DATASET RECORDS: Begin

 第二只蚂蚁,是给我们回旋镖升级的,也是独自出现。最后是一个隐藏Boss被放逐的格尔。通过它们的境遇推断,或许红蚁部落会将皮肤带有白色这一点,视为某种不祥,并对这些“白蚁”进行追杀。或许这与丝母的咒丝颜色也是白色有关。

DATASET RECORDS: End
DATASET RECORDS: Begin

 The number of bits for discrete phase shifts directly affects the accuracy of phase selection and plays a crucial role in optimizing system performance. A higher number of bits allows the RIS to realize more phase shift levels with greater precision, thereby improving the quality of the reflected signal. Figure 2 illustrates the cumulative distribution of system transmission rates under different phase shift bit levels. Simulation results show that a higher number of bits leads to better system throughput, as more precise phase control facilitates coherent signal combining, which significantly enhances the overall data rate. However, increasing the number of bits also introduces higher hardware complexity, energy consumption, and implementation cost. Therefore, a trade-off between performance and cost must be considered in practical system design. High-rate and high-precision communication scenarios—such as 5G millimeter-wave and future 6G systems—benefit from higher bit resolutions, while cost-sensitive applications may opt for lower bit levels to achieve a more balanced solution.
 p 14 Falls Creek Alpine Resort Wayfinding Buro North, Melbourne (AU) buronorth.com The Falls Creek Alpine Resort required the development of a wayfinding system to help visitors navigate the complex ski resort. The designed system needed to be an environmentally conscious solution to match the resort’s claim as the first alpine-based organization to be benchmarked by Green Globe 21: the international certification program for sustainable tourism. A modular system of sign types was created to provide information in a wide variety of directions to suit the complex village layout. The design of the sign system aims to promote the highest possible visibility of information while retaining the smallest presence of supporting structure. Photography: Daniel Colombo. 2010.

DATASET RECORDS: End

WHAT YOU SHOULD DO: Reproduce the lines above, beginning at the line with "The number of bits for" and stopping after the line with "p 14 Falls Creek", exactly as they are.

EXERCISE RESPONSE:
 The number of bits for discrete phase shifts directly affects the accuracy of phase selection and plays a crucial role in optimizing system performance. A higher number of bits allows the RIS to realize more phase shift levels with greater precision, thereby improving the quality of the reflected signal. Figure 2 illustrates the cumulative distribution of system transmission rates under different phase shift bit levels. Simulation results show that a higher number of bits leads to better system throughput, as more precise phase control facilitates coherent signal combining, which significantly enhances the overall data rate. However, increasing the number of bits also introduces higher hardware complexity, energy consumption, and implementation cost. Therefore, a trade-off between performance and cost must be considered in practical system design. High-rate and high-precision communication scenarios—such as 5G millimeter-wave and future 6G systems—benefit from higher bit resolutions, while cost-sensitive applications may opt for lower bit levels to achieve a more balanced solution.
 p 14 Falls Creek Alpine Resort Wayfinding Buro North, Melbourne (AU) buronorth.com The Falls Creek Alpine Resort required the development of a wayfinding system to help visitors navigate the complex ski resort. The designed system needed to be an environmentally conscious solution to match the resort’s claim as the first alpine-based organization to be benchmarked by Green Globe 21: the international certification program for sustainable tourism. A modular system of sign types was created to provide information in a wide variety of directions to suit the complex village layout. The design of the sign system aims to promote the highest possible visibility of information while retaining the smallest presence of supporting structure. Photography: Daniel Colombo. 2010.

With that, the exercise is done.